Problem to solve —
Only the lines of the listing below that run from the line with "lunch on board" through the line with "Este gráfico presenta" are to be set down, word for word. Pictures stay out.

Available data —
========

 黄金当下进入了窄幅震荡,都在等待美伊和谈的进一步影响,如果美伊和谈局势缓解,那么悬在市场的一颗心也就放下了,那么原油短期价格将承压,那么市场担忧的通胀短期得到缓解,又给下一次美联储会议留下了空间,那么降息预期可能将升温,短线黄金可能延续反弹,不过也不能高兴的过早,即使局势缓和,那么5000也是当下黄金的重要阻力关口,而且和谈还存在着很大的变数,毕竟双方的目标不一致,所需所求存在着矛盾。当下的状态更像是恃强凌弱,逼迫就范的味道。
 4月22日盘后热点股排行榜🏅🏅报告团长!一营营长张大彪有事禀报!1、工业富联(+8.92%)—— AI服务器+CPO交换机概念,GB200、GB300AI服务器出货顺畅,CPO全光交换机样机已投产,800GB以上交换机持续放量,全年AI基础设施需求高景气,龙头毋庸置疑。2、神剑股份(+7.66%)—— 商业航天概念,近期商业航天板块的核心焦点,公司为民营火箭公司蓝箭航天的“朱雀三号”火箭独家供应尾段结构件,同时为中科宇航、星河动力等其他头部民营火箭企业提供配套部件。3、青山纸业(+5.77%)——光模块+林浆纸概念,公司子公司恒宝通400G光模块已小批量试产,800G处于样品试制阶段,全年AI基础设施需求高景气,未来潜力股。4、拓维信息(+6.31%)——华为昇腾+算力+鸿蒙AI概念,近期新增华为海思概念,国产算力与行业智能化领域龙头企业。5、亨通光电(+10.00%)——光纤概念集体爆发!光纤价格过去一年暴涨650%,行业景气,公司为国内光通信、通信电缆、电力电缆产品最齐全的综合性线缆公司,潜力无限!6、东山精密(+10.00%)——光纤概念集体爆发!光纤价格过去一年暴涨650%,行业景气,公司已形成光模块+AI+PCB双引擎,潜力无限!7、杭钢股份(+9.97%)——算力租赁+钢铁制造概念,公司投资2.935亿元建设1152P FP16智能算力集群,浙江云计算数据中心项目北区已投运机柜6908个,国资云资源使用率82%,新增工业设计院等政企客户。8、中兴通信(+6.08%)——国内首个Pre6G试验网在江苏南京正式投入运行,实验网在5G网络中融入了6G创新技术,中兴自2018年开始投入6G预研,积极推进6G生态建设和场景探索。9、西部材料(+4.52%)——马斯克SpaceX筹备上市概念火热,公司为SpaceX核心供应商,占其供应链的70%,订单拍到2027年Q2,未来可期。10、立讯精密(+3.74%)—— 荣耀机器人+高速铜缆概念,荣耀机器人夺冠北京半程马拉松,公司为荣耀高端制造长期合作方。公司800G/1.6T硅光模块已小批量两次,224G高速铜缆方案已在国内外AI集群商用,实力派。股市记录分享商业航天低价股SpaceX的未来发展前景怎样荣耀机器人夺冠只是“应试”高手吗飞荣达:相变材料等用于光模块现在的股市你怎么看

========

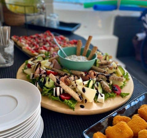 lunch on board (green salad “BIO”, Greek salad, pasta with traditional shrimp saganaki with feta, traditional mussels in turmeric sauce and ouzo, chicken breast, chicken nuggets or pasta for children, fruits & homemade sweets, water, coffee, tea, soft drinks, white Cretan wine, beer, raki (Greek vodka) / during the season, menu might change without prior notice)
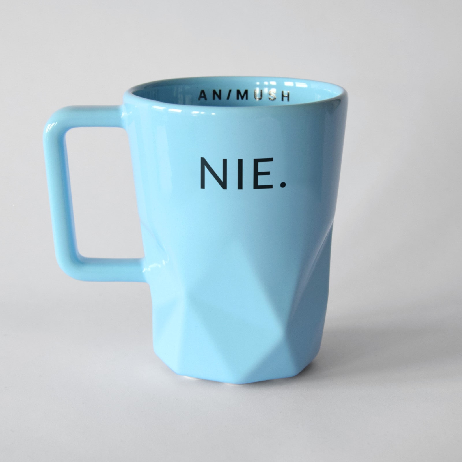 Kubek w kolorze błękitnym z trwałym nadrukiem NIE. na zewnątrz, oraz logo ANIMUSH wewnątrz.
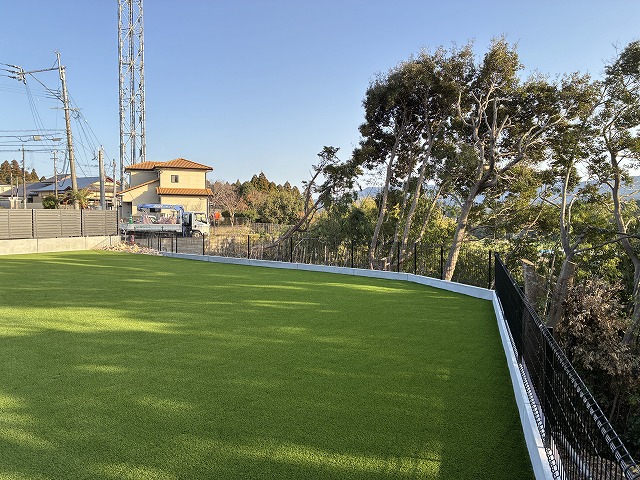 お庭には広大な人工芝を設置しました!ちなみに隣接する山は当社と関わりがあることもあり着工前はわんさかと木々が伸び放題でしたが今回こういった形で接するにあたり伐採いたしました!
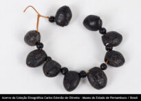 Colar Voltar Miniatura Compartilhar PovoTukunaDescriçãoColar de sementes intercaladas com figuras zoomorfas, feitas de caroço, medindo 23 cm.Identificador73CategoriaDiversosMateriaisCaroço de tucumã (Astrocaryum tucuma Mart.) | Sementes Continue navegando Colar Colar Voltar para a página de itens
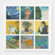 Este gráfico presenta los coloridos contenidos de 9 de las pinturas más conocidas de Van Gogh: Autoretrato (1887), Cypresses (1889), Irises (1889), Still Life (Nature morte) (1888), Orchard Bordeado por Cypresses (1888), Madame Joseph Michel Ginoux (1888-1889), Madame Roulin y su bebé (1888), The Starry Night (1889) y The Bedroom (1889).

========

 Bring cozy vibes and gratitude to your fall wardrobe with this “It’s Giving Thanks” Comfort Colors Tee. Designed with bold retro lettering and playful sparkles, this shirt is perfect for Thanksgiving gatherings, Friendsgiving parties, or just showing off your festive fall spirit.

========

Solution below —
 lunch on board (green salad “BIO”, Greek salad, pasta with traditional shrimp saganaki with feta, traditional mussels in turmeric sauce and ouzo, chicken breast, chicken nuggets or pasta for children, fruits & homemade sweets, water, coffee, tea, soft drinks, white Cretan wine, beer, raki (Greek vodka) / during the season, menu might change without prior notice)
 Kubek w kolorze błękitnym z trwałym nadrukiem NIE. na zewnątrz, oraz logo ANIMUSH wewnątrz.
 お庭には広大な人工芝を設置しました!ちなみに隣接する山は当社と関わりがあることもあり着工前はわんさかと木々が伸び放題でしたが今回こういった形で接するにあたり伐採いたしました!
 Colar Voltar Miniatura Compartilhar PovoTukunaDescriçãoColar de sementes intercaladas com figuras zoomorfas, feitas de caroço, medindo 23 cm.Identificador73CategoriaDiversosMateriaisCaroço de tucumã (Astrocaryum tucuma Mart.) | Sementes Continue navegando Colar Colar Voltar para a página de itens
 Este gráfico presenta los coloridos contenidos de 9 de las pinturas más conocidas de Van Gogh: Autoretrato (1887), Cypresses (1889), Irises (1889), Still Life (Nature morte) (1888), Orchard Bordeado por Cypresses (1888), Madame Joseph Michel Ginoux (1888-1889), Madame Roulin y su bebé (1888), The Starry Night (1889) y The Bedroom (1889).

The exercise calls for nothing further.